Dass zum Gebäude auch ein Wirtschaftsteil gehörte, war zur damaligen Zeit und bis in die Mitte des letzten Jahrhunderts keine Seltenheit. Pfarrhäuser waren nicht nur Wohnort des Pfarrers, sondern auch Mittelpunkt eines Großlandbesitzes, wie ihn die Kirche zur damaligen Zeit häufig hatte. Oft wurde das Land von Bauern bewirtschaftet, die dafür Abgaben an die Pfarrei abtreten mussten und Pfarrer hielten sich Schweine und Hühner in Eigenregie. So fanden sich in der Scheune neben zahlreichen Schweinetrögen auch Vorrichtungen für eine Hühnerleiter.
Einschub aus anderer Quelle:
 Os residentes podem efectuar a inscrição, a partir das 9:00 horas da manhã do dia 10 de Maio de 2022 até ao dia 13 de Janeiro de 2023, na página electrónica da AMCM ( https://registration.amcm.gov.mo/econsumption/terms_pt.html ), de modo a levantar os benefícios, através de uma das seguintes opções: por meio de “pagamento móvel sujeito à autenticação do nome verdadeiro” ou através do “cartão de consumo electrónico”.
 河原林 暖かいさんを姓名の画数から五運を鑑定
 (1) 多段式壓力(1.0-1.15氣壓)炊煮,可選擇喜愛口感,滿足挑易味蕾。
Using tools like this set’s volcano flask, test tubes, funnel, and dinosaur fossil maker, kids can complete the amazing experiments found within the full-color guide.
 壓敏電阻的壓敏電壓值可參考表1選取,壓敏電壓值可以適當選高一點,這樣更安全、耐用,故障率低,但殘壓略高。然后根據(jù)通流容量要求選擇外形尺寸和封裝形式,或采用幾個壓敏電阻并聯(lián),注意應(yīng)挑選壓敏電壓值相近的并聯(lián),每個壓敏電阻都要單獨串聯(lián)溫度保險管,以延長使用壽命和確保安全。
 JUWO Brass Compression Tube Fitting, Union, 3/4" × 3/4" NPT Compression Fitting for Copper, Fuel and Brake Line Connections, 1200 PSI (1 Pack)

Das heutige Gebäude wurde ganz untypisch für die landwirtschaftlich geprägte Eifel mit einem hohen Mansarddach versehen. Bewusst plante der Architekt oder Baumeister, vermutlich ein Herr Le Blanc, das Gebäude mit großen rechteckigen Fenstern. Zusammen mit der für damalige Verhältnisse erstaunlichen Fläche und Größe, strahlen sie auch heute noch den Anspruch und damaligen Repräsentationsgedanken aus.

Großzügig waren auch die Räume im oberen Geschoss, wobei das Pfarrhaus wahrscheinlich in der ersten Hälfte des 20. Jahrhunderts um die zwei Stockwerke über dem damaligen Scheunenteil aufgestockt wurde. Neben mehreren kleinen Räumen, u.a. das Schlafgemach und ein Arbeitszimmer des Pfarrers verfügte es über einen großen Konferenzraum, den man mittels Schiebetüren teilen konnte.
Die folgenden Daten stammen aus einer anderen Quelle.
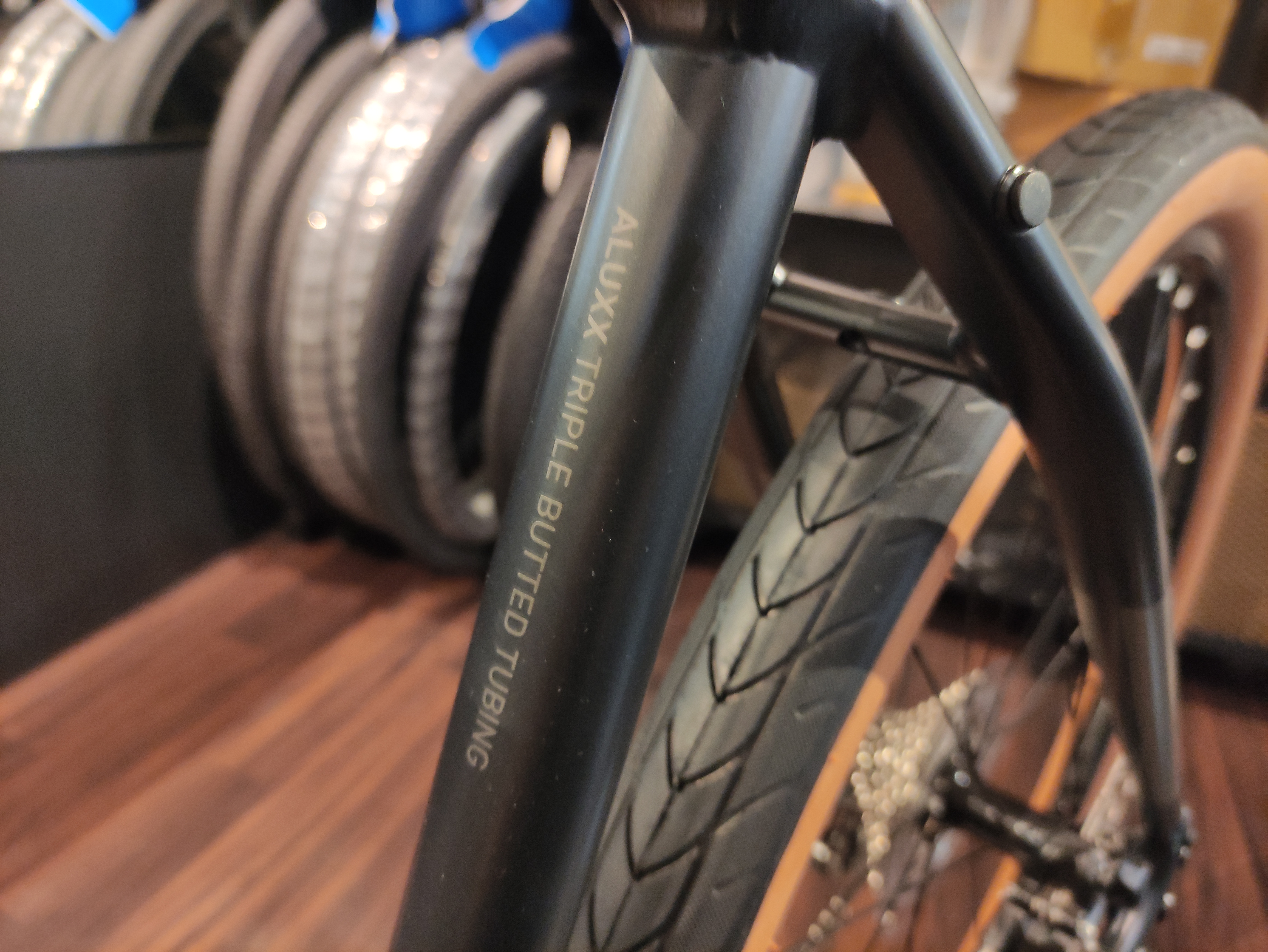 フレームにはALUXX-Grade Aluminumが使われていて、見た目こそ太くごついですが、車体重量は意外にも11.6㎏と軽くなっております!重量剛性比が高く、走行性能に関しては見た目からは想像出来ない位、軽快な走りが可能です!

Nachdem das Pfarrhaus den Krieg weitgehend unbeschadet überstanden hatte, begann ab 1960 der Dornröschenschlaf des Pfarrhauses. Zwar wurden bei einer Renovierung noch einmal neue Thermofenster eingebaut, doch andere Maßnahmen, wie der Einbau einer Heizung, die Erneuerung des an einigen Stellen morschen Daches und andere wichtige substanzerhaltende Maßnahmen blieben auf der Strecke. Folgerichtig befand sich das Pfarrhaus zu Beginn des neuen Jahrtausends in einem bemitleidenswerten Zustand: Beim Auszug des letzten Pfarrers im Jahre 2004 waren Zweifel angebracht, ob das einst stolze Haus je wieder die Rolle eines ortsbildprägenden Ensembles mit der Kirche einnehmen würde.
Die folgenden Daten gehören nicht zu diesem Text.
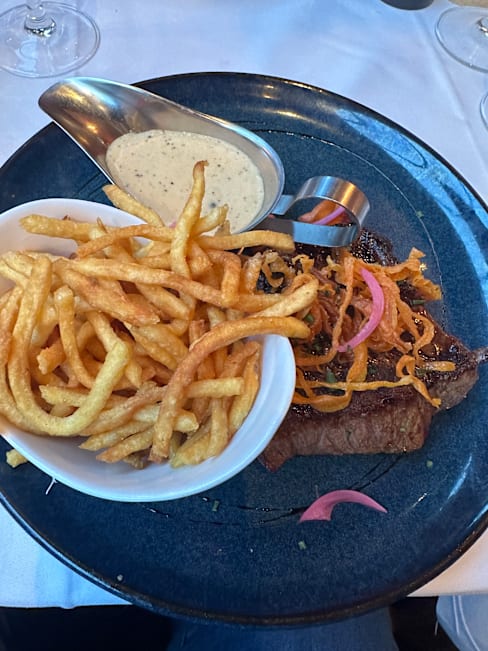 10/10I had the most wonderful meal at Sacre Frenchy. It was a beautiful evening so I sat on the patio. Arthur was my server and he was very attentive. I wanted to enjoy my champagne before ordering and he came back at the perfect time. I had the steak dinner and it was cooked to perfection. The green pepper sauce was delicious. Arthur was attentive and kind. I would come back next time I’m in town.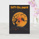 Black background with dead tree, sitting in the tree is a spooky owl! Under the tree are Halloween pumpkins! A witch flying on her broomstick highlights this spooky card that is great for a Halloween party invitation! Happy Halloween text can be edited! Text or photographs can be added to the inside of card! Pick up matching postage!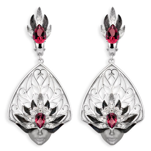 Сережки Magerit Hechizo Misterio, біле золото, діаманти, червоні топази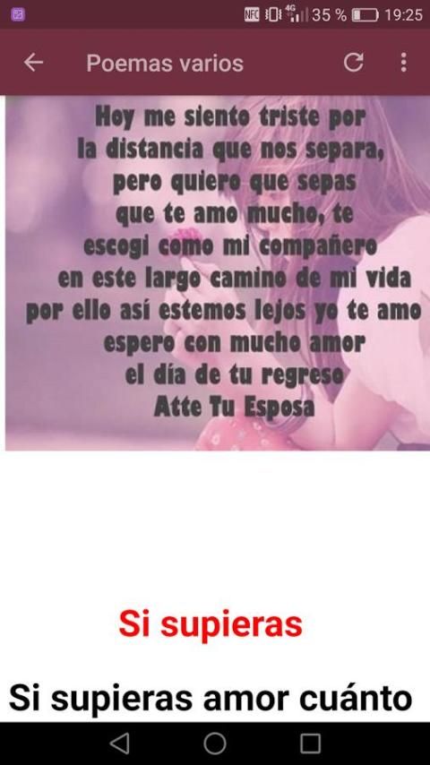 Скачать это приложение сразу «Стихи о любви» Расстояние и наслаждаться отправки фотографий с короткими любовными стихами, показывает, как enamorad @ ты, человек, которого вы знаете, направлен на оценку этих стихов любви и чувств на расстоянии.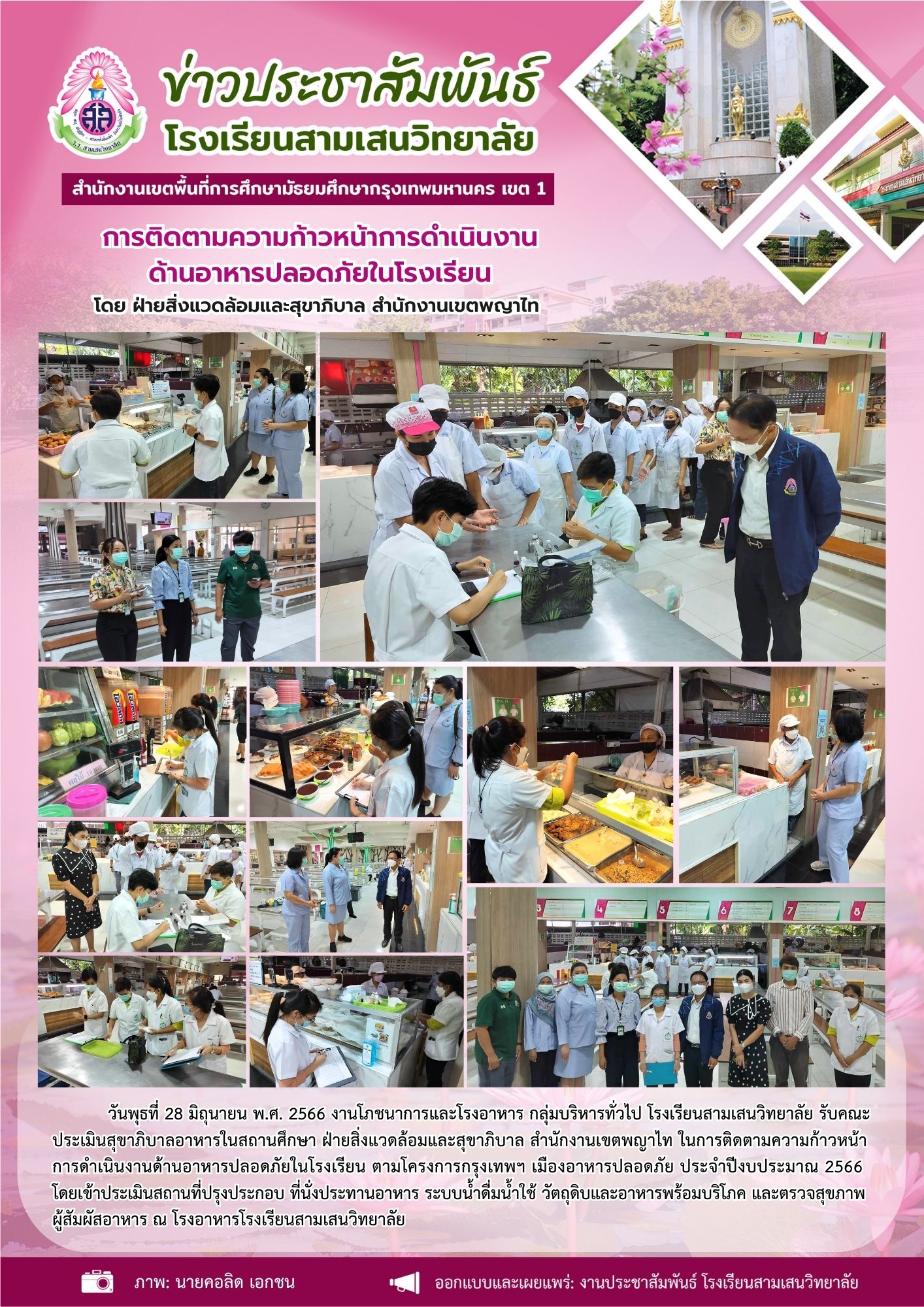 28 มิถุนายน 2566 การติดตามความก้าวหน้าการดำเนินงาน ด้านอาหารปลอดภัยในโรงเรียน โดย ฝ่ายสิ่งแวดล้อมและสุขาภิบาล สำนักงานเขตพญาไท

Durch die Einbeziehung der Pfarrei Auw in die Pfarreingemeinschaft Sülm-Idenheim wurde seitens der Pfarrei klar, dass das Haus in Zukunft nicht mehr als Residenz des Pfarrers genutztwürde. Nicht nur, dass in Sülm ein renoviertes Pfarrhaus zur Verfügung stand. In Auw zeigten Gutachter des Bistums Investitionsbedarf von mehreren hunderttausend Euro auf, welche für die Pfarrei untragbar waren. Deshalb entschloss man sich, das Pfarrhaus zum Verkauf auszuschreiben.

Erfolgreich war eine Baugemeinschaft ortsnaher Bürger, die das Pfarrhaus kauften, um es zu einem Ort zu machen, an dem Menschen ein und ausgehen, sich wohlfühlen und gerne verweilen. Ein Ort, in dem sich das Alte mit dem Modernen verbindet. Ein Ort, der anknüpfend an seine Geschichte wieder das wird, was er einmal war und heute wieder ist: Ein wunderbares Haus in einer wunderbaren Umgebung.